Cole v. Gohmann

Decision Date11 May 2000
Docket NumberNo. 49A02-9906-CV-452.,49A02-9906-CV-452.
Citation727 N.E.2d 1111
PartiesKenneth COLE, Appellant-Defendant, v. Janice GOHMANN, Appellee-Co-Defendant, and Jeffrey Dodson and Shanice Brazell-Dodson, Appellees-Plaintiffs.
CourtIndiana Appellate Court

Jil Pullappally Unni, Kopka, Landau & Pinkus, Indianapolis, Indiana, Attorney for Appellant.

Patrick F. Mastrian, III, Sarah J. Graziano, Goodin & Kraege, Mark S. Alderfer, Hackman McClarnon Hulett & Cracraft, Indianapolis, Indiana, Attorneys for Appellee Janice Gohmann.

Dean J. Arnold, Nunn & Greene Law Office, Bloomington, Indiana, Attorney for Appellees Jeffrey and Shanice Dodson.

OPINION

KIRSCH, Judge.

Appellant-defendant Kenneth Cole appeals the trial court's grant of summary judgment in favor of appellee-codefendant Janice Gohmann. Specifically, Cole asserts that the entry of summary judgment for Gohmann should be reversed because a genuine issue of material fact remains as to whether she breached a duty of care to the plaintiffs-appellees, Jeffrey and Shanice Brazell-Dodson (collectively, the "Dodsons"),1 who were passengers in Cole's automobile. We agree and reverse.

FACTS AND PROCEDURAL HISTORY

The Dodsons filed a complaint against Cole seeking damages which arose out of a motor vehicle accident. The facts are not in dispute as to how the accident occurred. The Dodsons were traveling as passengers in a vehicle driven by Cole in Marion County. Cole was headed eastbound, it had been raining, and the streets were still wet. At one point, Cole's vehicle began to fishtail. Gohmann was traveling westbound and observed Cole's vehicle spin into her lane. Gohmann first observed Cole's vehicle when it was two to three car lengths away. Record at 48. Gohmann's automobile ultimately collided with Cole's vehicle. Gohmann testified that approximately four seconds had elapsed from the time that she saw Cole's vehicle begin to spin until the collision occurred. Record at 48-49.

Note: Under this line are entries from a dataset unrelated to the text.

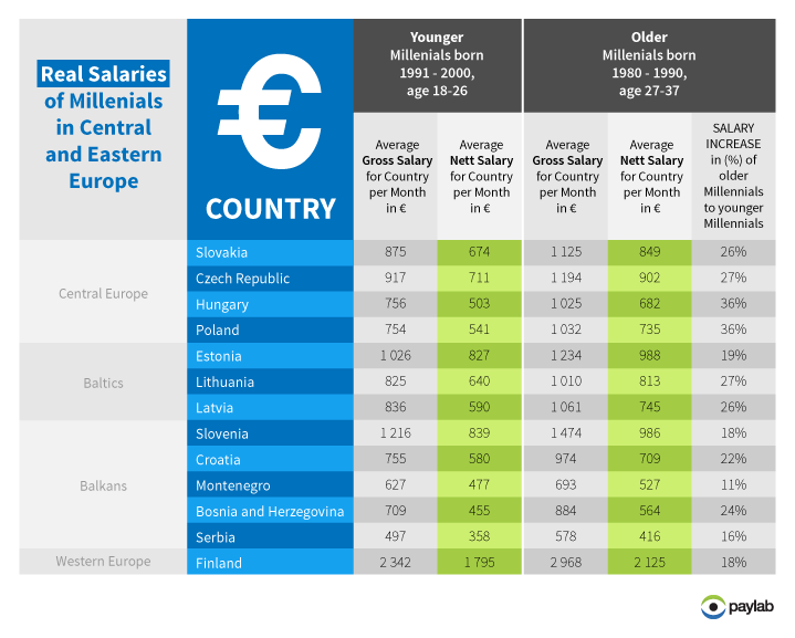 Egy késői milleniumi munkavállaló Szlovákiában átlagosan bruttó 875 eurót visz haza (nettő 674 eurót), ezzel szemben egy korai milleniumi melós bruttóban 1125 eurót keres, nettóban pedig 849 eurót kap. Az eltérés esetükben 26 százalék.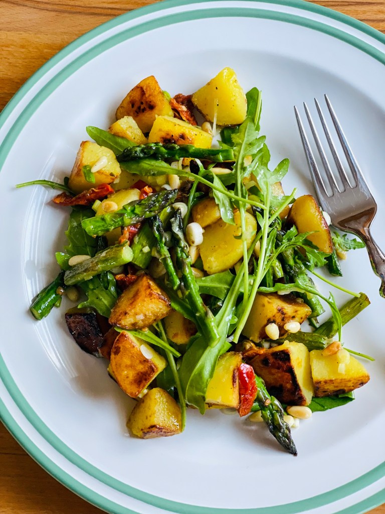 sind in Wirklichkeit ein wunderbarer lauwarmer Kartoffel-Spargel-Salat, zufällig vegan zudem. Beides wird gebraten, die gewürfelten Kartoffeln vorher gekocht. Dazu kommen noch getrocknete Tomaten, Rucola, Frühlingszwiebeln und Pinienkerne und ein einfaches, aber köstliches Dressing aus Walnussöl, Weißweinessig, Senf und Ahornsirup. So köstlich! Perfekt!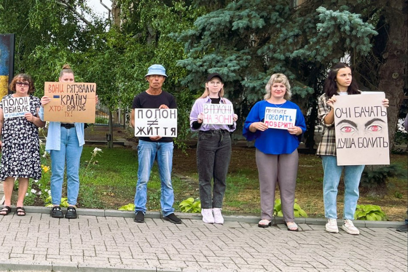 У Веселиновому на площі Мозолевського зібралися близько 30 людей — це дружини, батьки, друзі військовослужбовців, які перебувають у російському полоні чи вважаються зниклими безвісти. Це перша така акція у селищі.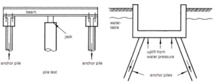 4. Anchor or tension or uplift piles: Anchor piles are used to give stability against horizontal forces.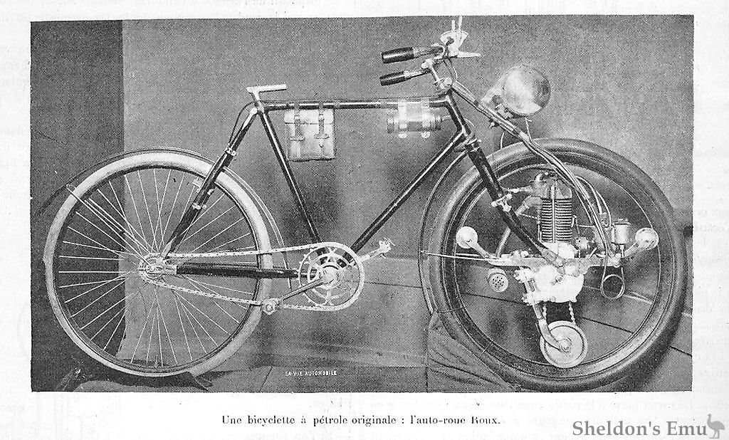 Edmond Roux and Henri Imbert registered the design for l'auto-roue Roux (The Roux Motor Wheel) in 1900, with an an addition in 1903. It is discussed in an article in "La Vie Automobile" of 1904, and it appears only one was built, powered by a single-cylinder four-stroke De Dion-Bouton engine mounted integral with the front wheel. The design had a number of flaws.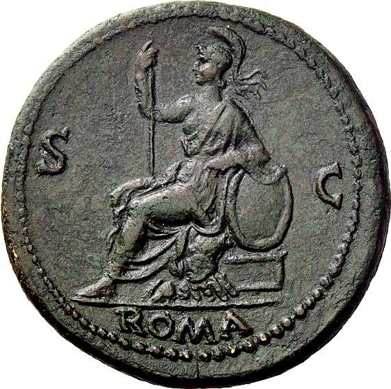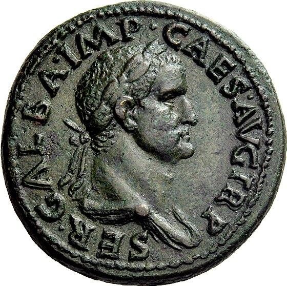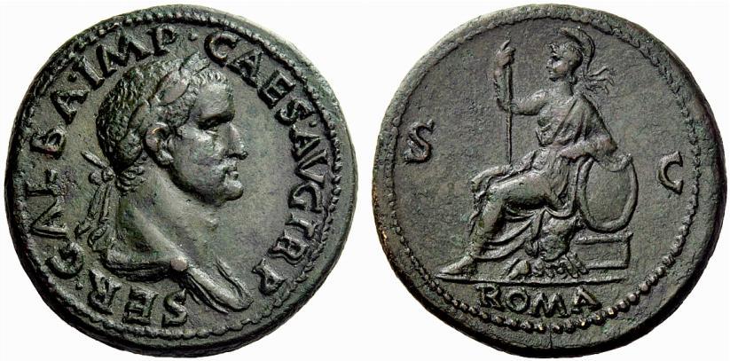 The Roman Empire. Galba, 68-69. Sestertius June-August 68, Æ 24.99g. SER GALBA IMP CAES AVG TR P Laureate and draped bust r. Rev. S–C Roma seated l. on cuirass, holding sceptre and resting l. elbow on shield set at her side; in exergue, ROMA. C 169. BMC 89. RIC 241. CBN 112. Rare. Struck on a broad flan with a pleasant green patina and extremely fine. Ex NGSA 4, 2006, 161 and NAC 52, October 2009, 358 sales.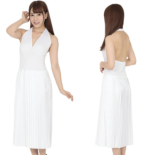 1900年代、あの名女優が演じ、纏った衣装をモチーフとしたホワイトカラーのハロウィンコスプレ。大胆にV字カットされた胸元と大きく開かれたバックスタイルは、20世紀最強とも言えるセックスシンボルにも引けをとらないセクシーさで貴方を輝かせる♪吹き上げる風を演出することでプリーツ多めのスカートがふんわりと優雅に広がり、あの名シーンが再現できちゃうかも!?お好みでタトゥーシールを貼って更なるハロウィン気分を味わうのも♪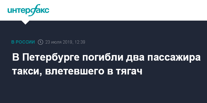 Москва. 23 июля. INTERFAX.RU - В Петербурге автомобиль такси врезался в грузовик: два пассажира погибли, один пострадал.

Cole answered the complaint and defended on the grounds that the injuries may have been caused in whole or in part by Gohmann. The Dodsons amended their complaint to add Gohmann as a defendant in the cause of action. Gohmann then proceeded to file a cross-claim for damages against Cole.

Gohmann filed a motion for summary judgment to dismiss her from the Dodsons' cause of action. Gohmann asserted that she did not breach any duty of care owed to the Dodsons and, therefore, the negligence claim must fail. Cole opposed the motion, claiming that a genuine issue of material fact remained as to whether Gohmann breached a duty of care while using a public highway. Following a hearing on the motion, the trial court granted summary judgment for Gohmann and dismissed her from the cause of action with prejudice. In essence, the trial court determined as a matter of law that Gohmann did not breach a duty of care to the Dodsons. Cole now appeals, claiming that the trial court improperly granted summary judgment in favor of Gohmann.

DISCUSSION AND DECISION

Cole argues on appeal that there are genuine issues and inferences of fact that preclude summary judgment in favor of Gohmann. Specifically, he contends that a question of fact exists as to whether Gohmann breached her duty to maintain a proper lookout while operating her vehicle. Cole claims that whether Gohmann exercised such precaution is a question best left for the fact finder to resolve. He further contends that summary judgment was inappropriate because the question of whether Gohmann acted reasonably in operating her vehicle in these circumstances was for the jury to resolve. We must agree.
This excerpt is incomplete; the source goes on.